Lest you assume that Dr. Nutt is a doctor in the Timothy Leary fashion, he puts his own drug consumption at the occasional glass of wine. He has won a slew of awards, and has the appearance of a cuddly grandpa. As Canada dives into the intricacies of the Liberal promise to legalize marijuana, I recommend that policy makers, skeptics and alarmists make some time to browse his extensive body of work.

Yes, he has good arguments that the negative health consequences of marijuana are usually overblown and that it is helpful in treating a number of health conditions. But the depth of his thinking goes beyond arguing that bud is not all that bad.

He has developed what he calls a "rational," 16-point measure of the potential impact of drugs on public health, which includes direct personal consequences, effects on other people, addiction, crime and so on. In calculating which drug causes the most sweeping destruction to individuals and communities, time and again, he and other researchers land on the demon alcohol.

It is a pretty easy argument to make. The Canadian Centre for Substance Abuse estimates the public cost of alcohol-related harm in this country to be just less than $15-billion a year, including $3-billion or so in law-enforcement costs. One-third or more of inmates in Canadian prisons for murder, assault or sexual assault say they drank the day they committed their crime (compared with 3 per cent of sexual-assault offenders who say they used illicit drugs). As well, alcohol is a known carcinogen.

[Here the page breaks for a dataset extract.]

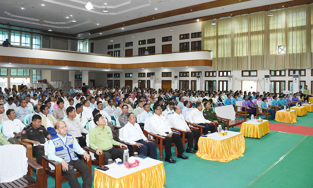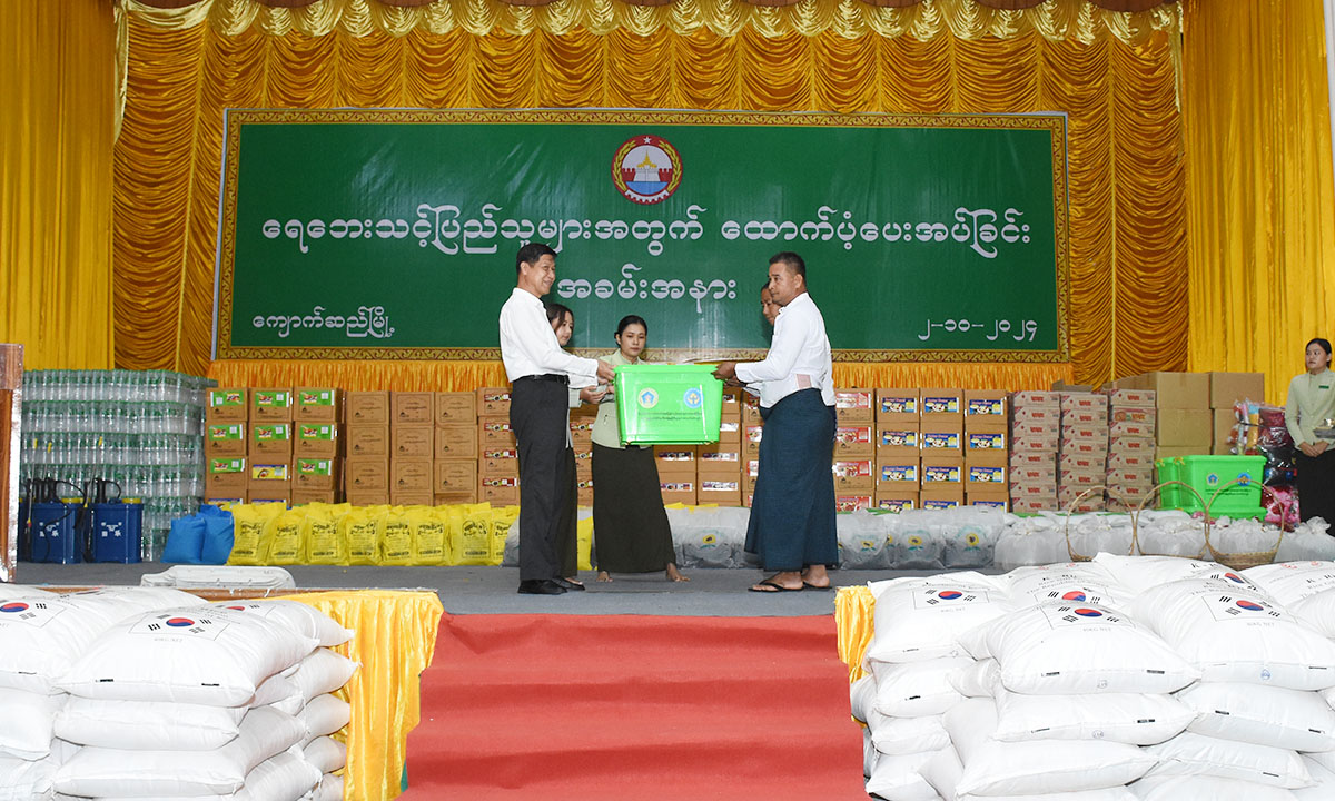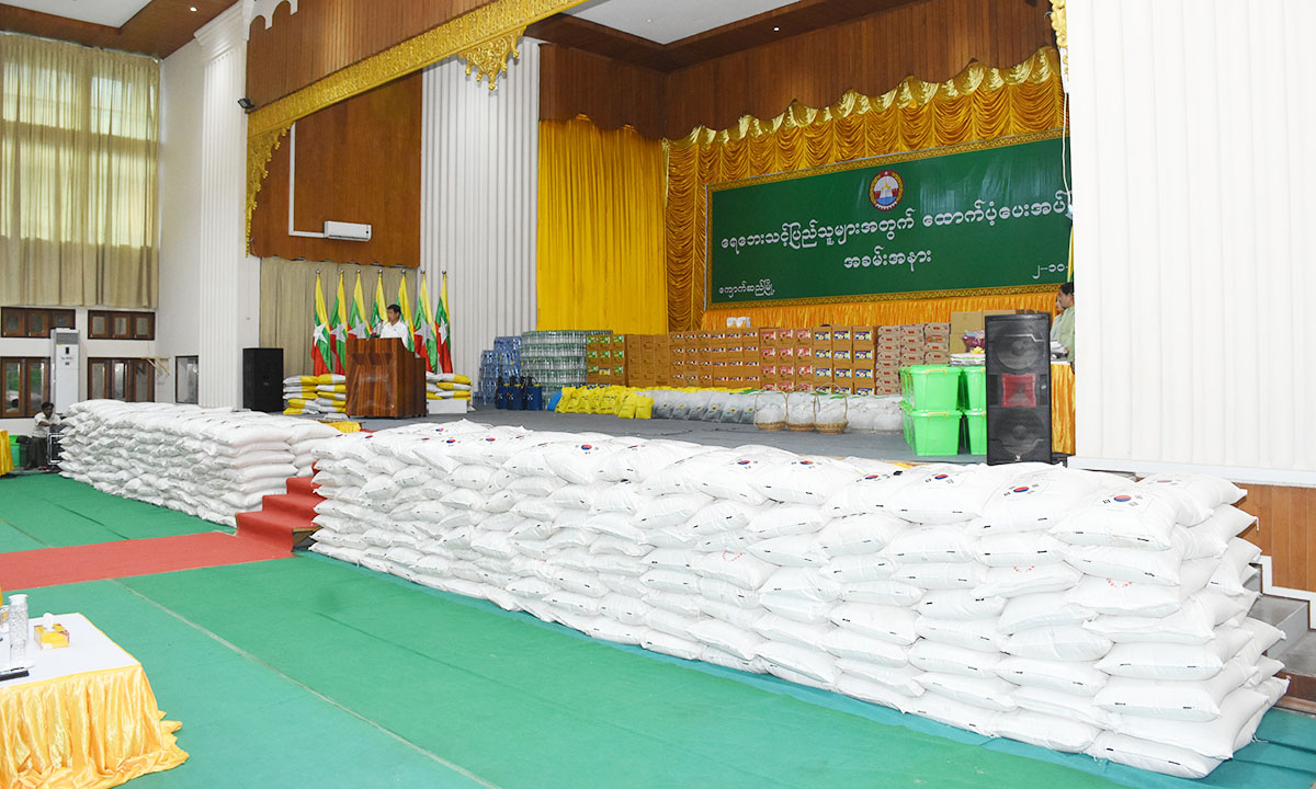 ယင်း အခမ်းအနားများ၌ တိုင်းဒေသကြီးဝန်ကြီးချုပ်၊ တိုင်းဒေသကြီးအစိုးရအဖွဲ့ဝင်ဝန်ကြီးများ၊ တိုင်းဒေသကြီးအမျိုးသမီးရေးရာအဖွဲ့နှင့် တိုင်းဒေသကြီးမိခင်နှင့်ကလေးစောင့်ရှောက်ကြီးကြပ်မှုအဖွဲ့တို့၏ နာယကနှင့်အဖွဲ့ဝင်များက အမျိုးသား သဘာဝဘေးအန္တရာယ်စီမံခန့်ခွဲမှုကော်မတီက ထောက်ပံ့ပေးအပ် သည့် စည်သွတ်ဘူးနှင့် ခေါက်ဆွဲခြောက်များ၊ ကယ်ဆယ်ရေးပစ္စည်းများ၊ ရေဘေးသင့်၍ သေဆုံးသွားသူများအား ထောက်ပံ့ငွေများ၊ နိုင်ငံသားစိစစ်ရေးကတ်ပြား မိတ္ထူများနှင့်ပုံစံ (၆၆/၆)မိတ္ထူများ၊ မျိုးစေ့များ၊ သဘာဝမြေဩဇာများ၊ စိုက်ပျိုးရေးသုံးဆေးဖျန်းပုံး များ၊သဘာဝရွက်ဖျန်းဓာတ်မြေဩဇာများ၊ ငါးသားပေါက်များ၊ တိုင်းဒေသကြီး အစိုးရအဖွဲ့နှင့်စေတနာရှင်အလှူရှင်များက ထောက်ပံ့လှူဒါန်းသည့် စားသောက်ကုန်ပစ္စည်းများ၊ ရေသန့်ဘူးများ၊ အဝတ်အထည်များအား ရေဘေးသင့်သူများနှင့် တာဝန်ရှိသူများထံပေးအပ်ပြီး ရေဘေးသင့်သူများကို လိုက်လံနှုတ်ဆက်အားပေးစကားများ ပြောကြားခဲ့သည်။

I would be a boozy hypocrite if I argued, as Dr. Nutt does, that alcohol should be more expensive and/or sold only at licensed establishments with reduced hours. (He is developing a substitute that has a "relaxing" effect on the nervous system but will not cause extreme intoxication). I am a big fan of liquor, and wine, and beer, and I have been known to enjoy all three in succession. I think Ontario's move toward increased wine and beer access is fair for retailers, and will make it much less stressful to attend dinner parties. It might be better for society, but I would selfishly resist any attempt at reducing my adult right to drink.

What I take from Dr. Nutt's research, and what I wish policy makers would pay attention to, is the complicated matrix of intoxicant use, abuse and sales (legal or otherwise), as well as short- and long-term health, and the criminal justice system.

Addiction is an issue of mental health, and treating it as such would help break its often generational cycle. The legal classification of individual inebriates is rarely equal to how much harm they cause, and the enforcement of drug laws is unfairly targeted toward low-income, racialized communities while privileged offenders too often escape justice.

Most users of most drugs enjoy themselves without harm, most of the time. That does not mean the government should sell vaporizers packed with pot from vending machines, as some alarmists are suggesting might happen, but it does require a more honest assessment of what drug policy is really about.

Dr. Nutt was an adviser to the British government until 2009, when he was sacked for publicly disagreeing with its official stand on a number of drugs. Marijuana was being reclassified as the most serious of drugs, which he basically said was stupid; he also wrote an opinion piece arguing that taking ecstasy was about as dangerous as riding a horse. He argues, regularly, that our reluctance to deal with the social ills caused by alcohol is because it is big business, which is why multinational booze companies take the time to refute him.

It is somewhat amusing to hear these things from an amiable fellow who has never rolled a joint. But his message is clear, and serious: Drugs, and the politics around them, affect people. Crime and morality and big bucks are involved, but let's first aim to do no harm.